Well I'm going to go against the grain on this one. I think the book is 'ok' at best. It actually contains a lot of errors and mistakes.
Here is an excerpt from page 306. Judge for yourself:
[To set the context, he is talking about farmers being helpless in the face of volatile commodity markets in a chapter devoted to derivatives.]
"On occasion, the other side of the deal is a speculator -- someone who is willing to take over the uncertainty from others out of a conviction about how matters will turn out. In theory at least, speculators in commodities will make money over the long run because there are so many people whose financial survival is vulnerable to the risks of volatility. As a result volatility tends to be underpriced, especially in the commodity markets, and the producers's loss aversion gives the speculator a build-in advantage. This phenomenon goes under the strange name of 'backwardation'."
I disagree with several points Bernstein makes:
1] How in the world does he conclude that since many farmer's financial survival depend on commodity markets, this means that speculators make money over the long run?
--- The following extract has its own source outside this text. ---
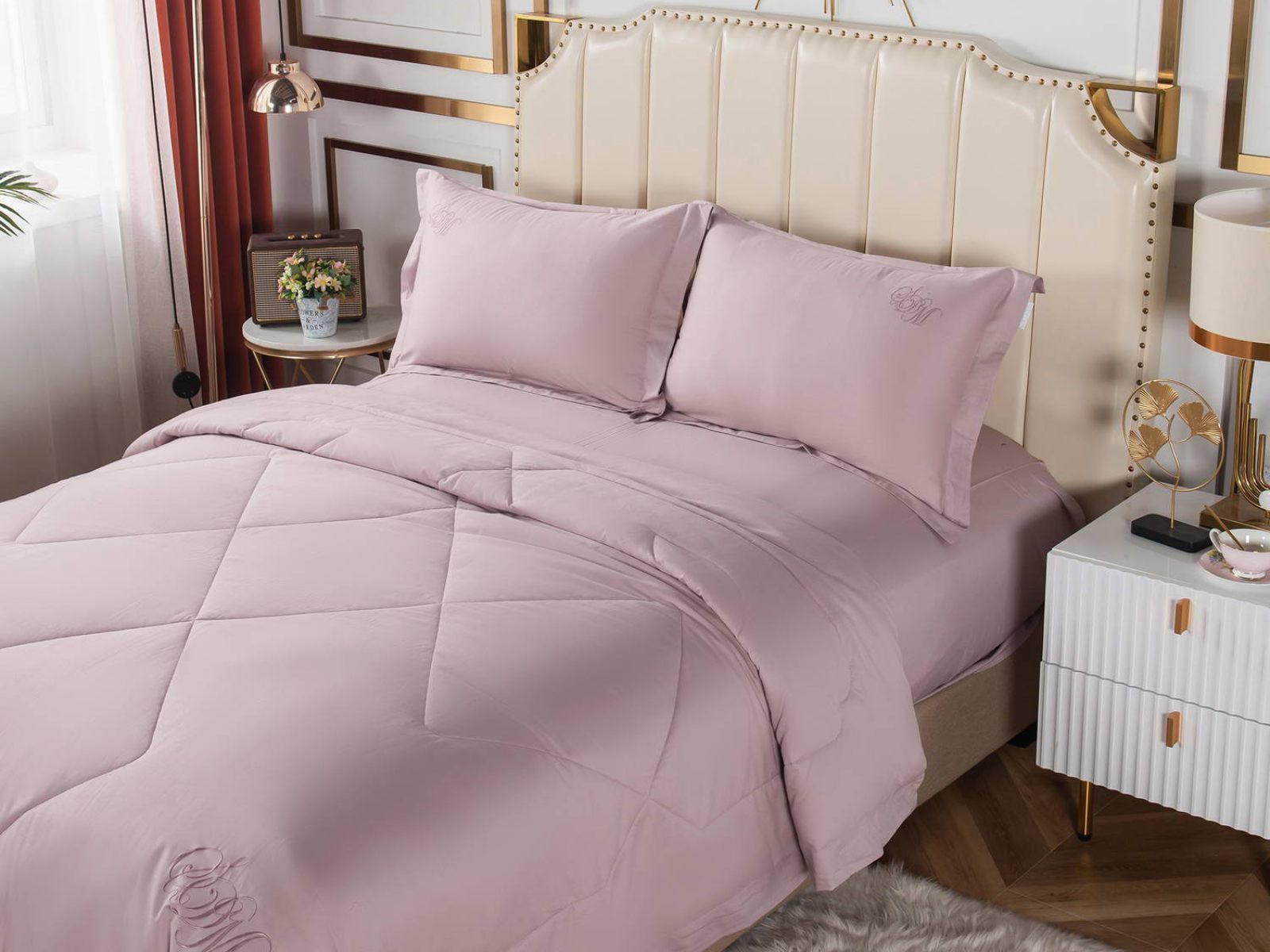 Элегантные комплекты постельного белья с одеялом премиум класса из нежной, натуральной ткани макосатин Нельсон. Этот материал обладает рядом важных качеств: он прочный, но мягкий, гладкая поверхность придает постельному белью красивый внешний вид. Натуральная ткань не вызывает аллергии и раздражения, такое постельное белье приятно использовать в любое время года, и в жару, и в холод.

Commodity markets are zero sum games (unless hedging) and some would argue negative sum (including commissions/spreads/slippage)
2] The 'phenomenon' that he describes as backwardation is actually just a market condition where spot rates exceed forward rates. Contango is the opposite condition where forward rates exceed spot rates.
This phenomenon has nothing to do with "the producer's loss aversion" or volatility but it is based on what players in the market believe will happen in the future in terms of supply and demand
3] Both players in the commodity markets are loss averse, not as Bernstein states, the producers. Or am I missing something? Haven't yet met a speculator who just loves to bleed his account. The speculator does not have any advantage just as the farmer has none. The producer is simply transfering risk to the speculator.
Is it just me or is Bernstein out to lunch ?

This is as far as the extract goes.